» **TASK DETAILS**
Word for word, copy the line that contains "TV szekrény 240" and each line after it in the data below. Pictures stay out of the copy.

» **AVAILABLE RECORDS**

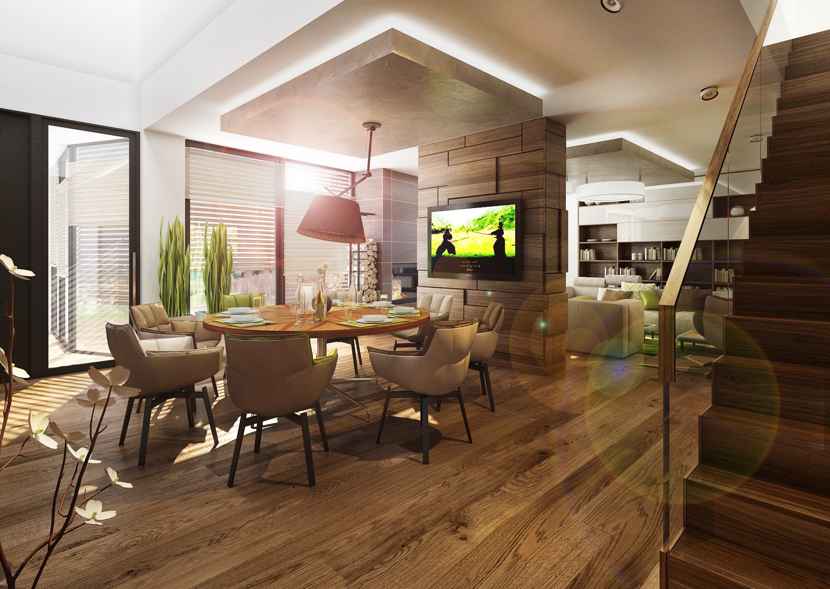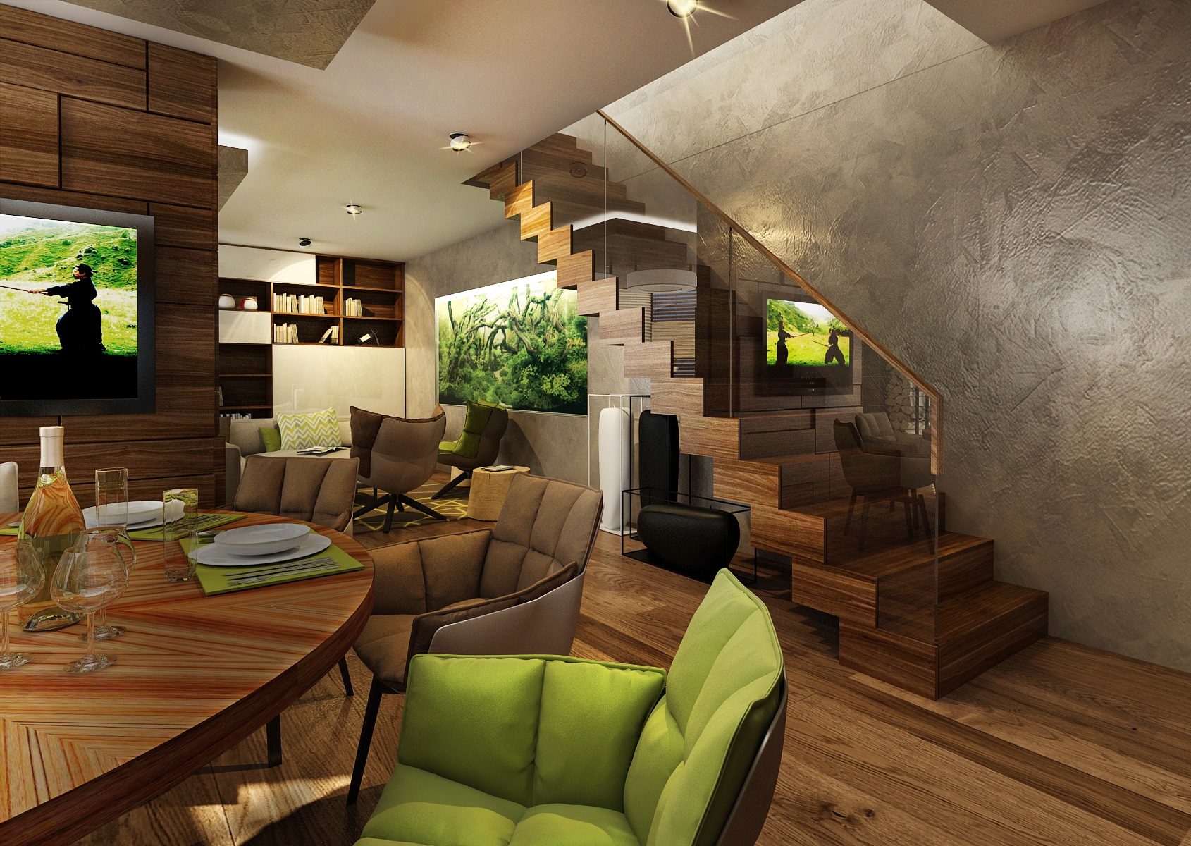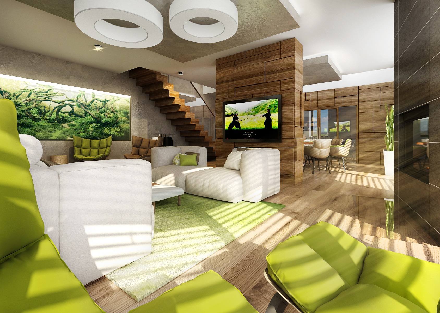 Po delší době tu máme opět na scéně dřevodekor ořechu a zelenou barvu jako doplňkovou na textilu, čalounění atd. Vilou prochází dýha ořechu jak na nábytku i obkladech. Ústřední bod obývacího prostoru je obří akvárium a knihovna.
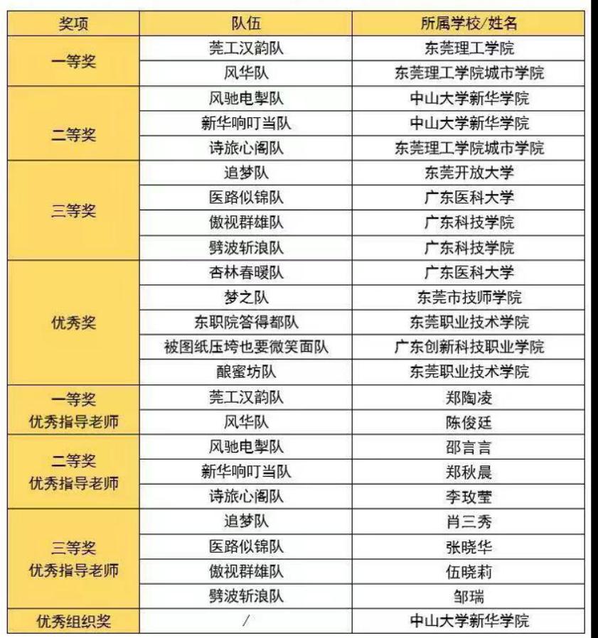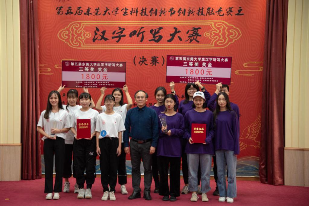 通过紧张激烈地角逐,来自东莞理工学院的“莞工汉韵队”与来自东莞理工学院城市学院的“风华队”凭借扎实的汉字基本功和灵活应变的现场反应能力脱颖而出,获得比赛的一等奖;来自中山大学新华学院的“风驰电掣队”和“新华响叮当队”,来自东莞理工农学院城市学院的“诗旅心阁队”获二等奖;来自东莞开放大学的“追梦队”,来自广东医科大学的“医路似锦队”,来自广东科技学院的“傲视群雄队”和“劈波斩浪队”获三等奖。
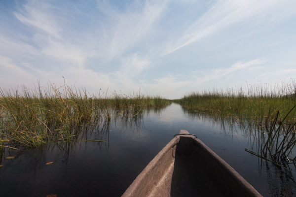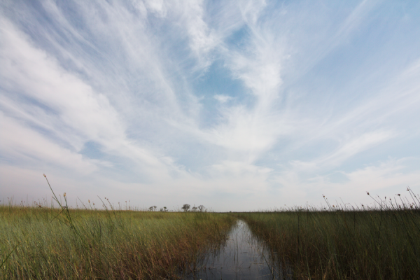 ここ、オカバンゴデルタは、ボツワナ・ナミビアの北に位置するアンゴラから流れてきた川が作り出す巨大な湿地帯で、
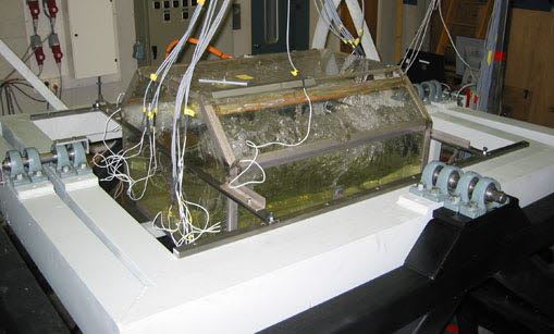 For undersøkelser av væskebelastning i tanker og på spesielle geometrier har SINTEF utviklet et laboratorium for sloshing med to bevegelsesplattformer og en fallrigg for deterministiske vannslag. Bevegelsesplattformene er spesiallaget for å sette i gang skalerte fartøysbevegelser.
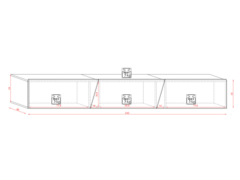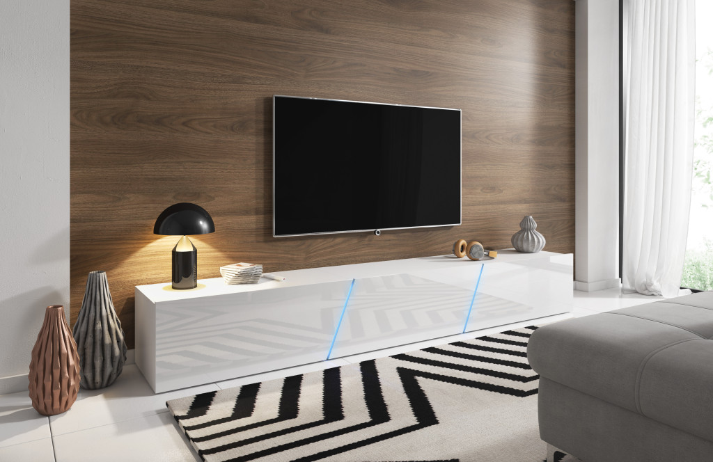 TV szekrény 240 cm fehér / fehér magasfény színkombinációban RGB LED világítással – SLANT
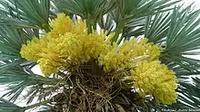 Trithrinax campestris est une espèce de palmiers de la famille des Arecaceae, originaire de l'Uruguay et du nord-est argentin. Très rustique (Zone USDA 8a)[1], il croît dans des zones à sol aride, rocailleux et secs, partageant son habitat avec le palmier caranday ou Copernicia alba, qui résiste, pourtant, moins bien au froid que T. campestris. Il se distingue par le fait qu'il conserve les restes des palmes mortes collés au tronc, ce qui lui donne un aspect caractéristique.
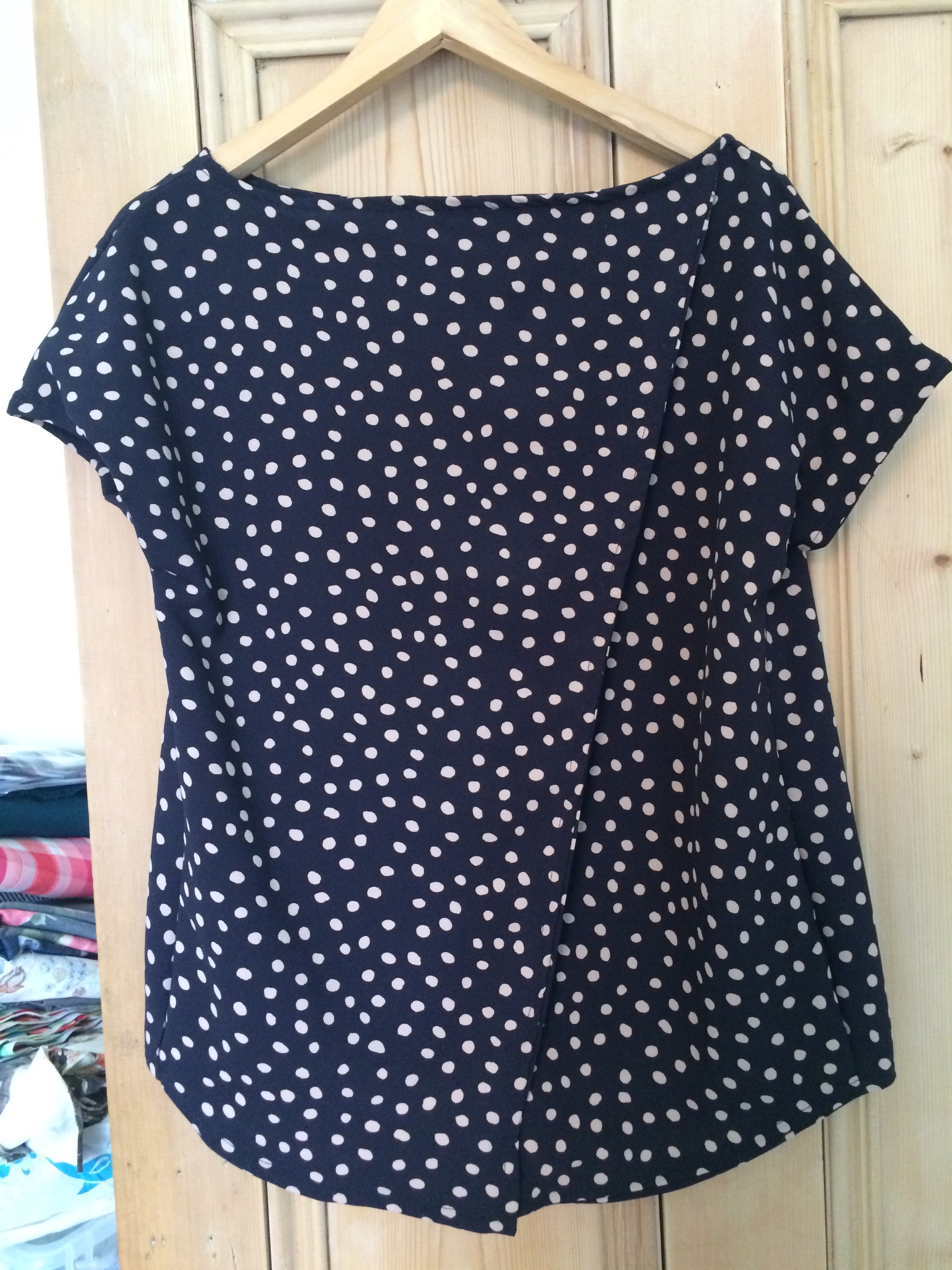 I think this top is a good wardrobe piece – something nicer than just a plain tee. Even better because it was a free pattern too 🙂 I do wonder why thy don’t think to include tacking the overlapping pieces in the instructions – I’m not sure anyone would wear it with it flapping forward all the time :-0
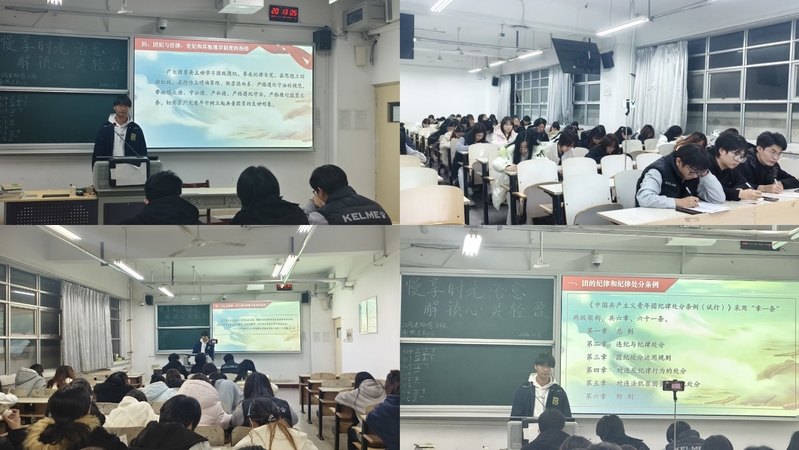 11月5日,教师教育学院以线上线下相结合的形式,在南校区综合楼B205、校本部二号综合楼A4015开展“严明纪律规矩,锻造青春品格”入团积极分子团课培训,本次培训共160余名团员及入团积极分子参与培训,团委学生第三副书记耿智鉴担任主讲人。
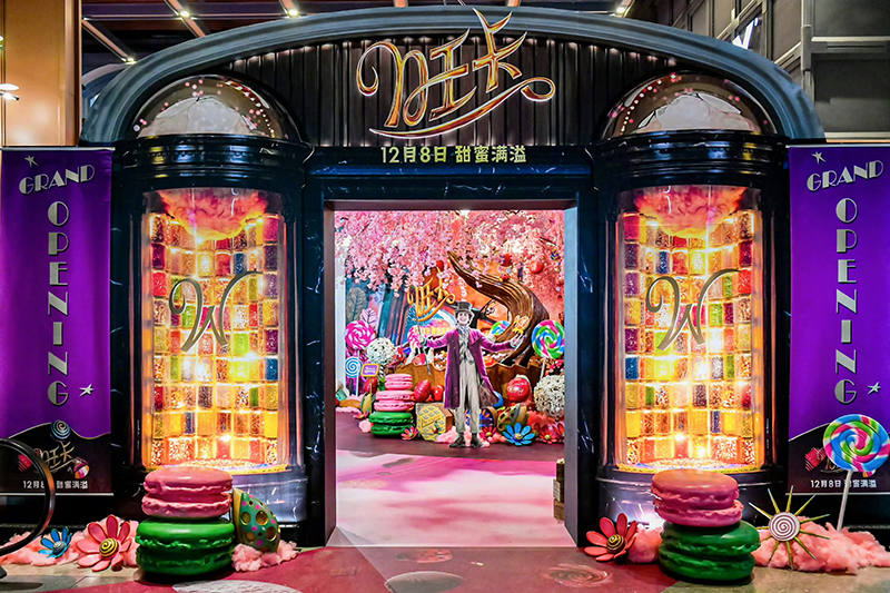 《旺卡》首映禮現(xiàn)場(chǎng)的設(shè)計(jì)獨(dú)具巧思,直接將電影中的旺卡巧克力店“搬到”影城。觀眾手持旺卡巧克力店“開(kāi)業(yè)”邀請(qǐng)函,穿過(guò)大門(mén),就步入旺卡巧克力店,正式開(kāi)啟繽紛奇趣的童話世界,令人一秒忘記所有煩惱。

» **YOUR SOLUTION**
 TV szekrény 240 cm fehér / fehér magasfény színkombinációban RGB LED világítással – SLANT
 Trithrinax campestris est une espèce de palmiers de la famille des Arecaceae, originaire de l'Uruguay et du nord-est argentin. Très rustique (Zone USDA 8a)[1], il croît dans des zones à sol aride, rocailleux et secs, partageant son habitat avec le palmier caranday ou Copernicia alba, qui résiste, pourtant, moins bien au froid que T. campestris. Il se distingue par le fait qu'il conserve les restes des palmes mortes collés au tronc, ce qui lui donne un aspect caractéristique.
 I think this top is a good wardrobe piece – something nicer than just a plain tee. Even better because it was a free pattern too 🙂 I do wonder why thy don’t think to include tacking the overlapping pieces in the instructions – I’m not sure anyone would wear it with it flapping forward all the time :-0
 11月5日,教师教育学院以线上线下相结合的形式,在南校区综合楼B205、校本部二号综合楼A4015开展“严明纪律规矩,锻造青春品格”入团积极分子团课培训,本次培训共160余名团员及入团积极分子参与培训,团委学生第三副书记耿智鉴担任主讲人。
 《旺卡》首映禮現(xiàn)場(chǎng)的設(shè)計(jì)獨(dú)具巧思,直接將電影中的旺卡巧克力店“搬到”影城。觀眾手持旺卡巧克力店“開(kāi)業(yè)”邀請(qǐng)函,穿過(guò)大門(mén),就步入旺卡巧克力店,正式開(kāi)啟繽紛奇趣的童話世界,令人一秒忘記所有煩惱。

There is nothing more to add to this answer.